* _Exercise requirements_
Could the data below be printed out exactly, with the pictures left out?

* _Supplied material_

^^^^^^^^^^^^^^^^

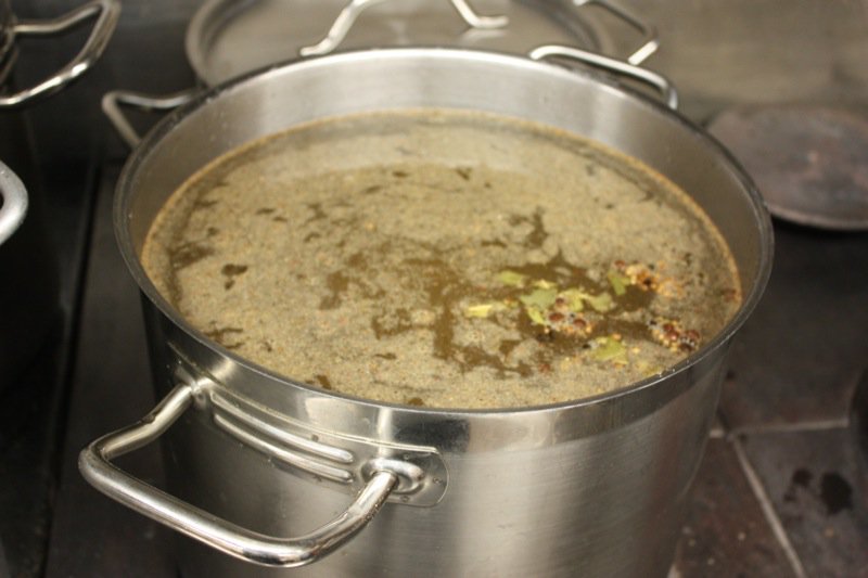 - Combine the next 6 ingredient (#3 to in a large pot over high heat, stirring constantly until sugar and salt is dissolved; reduce and boil gently, stirring occasionally, for 15 minutes
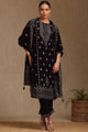 Dhiyona SO Women's Ethnic Motifs Printed Round Neck Straight Velvet Kurta With Trousers & Dupatta
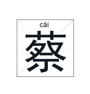 蔡字的五行为木,因而,蔡姓人姓名中的榜首个字一般来说忌用“金”、“土”五行的字。
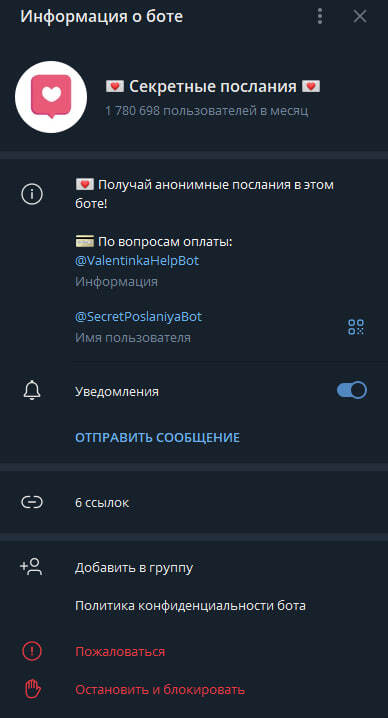 Источник статьи: Развод для одиноких сердец: как бот @SecretPoslaniyaBot выманивает деньги.

^^^^^^^^^^^^^^^^

* _Expected output_
 - Combine the next 6 ingredient (#3 to in a large pot over high heat, stirring constantly until sugar and salt is dissolved; reduce and boil gently, stirring occasionally, for 15 minutes
 Dhiyona SO Women's Ethnic Motifs Printed Round Neck Straight Velvet Kurta With Trousers & Dupatta
 蔡字的五行为木,因而,蔡姓人姓名中的榜首个字一般来说忌用“金”、“土”五行的字。
 Источник статьи: Развод для одиноких сердец: как бот @SecretPoslaniyaBot выманивает деньги.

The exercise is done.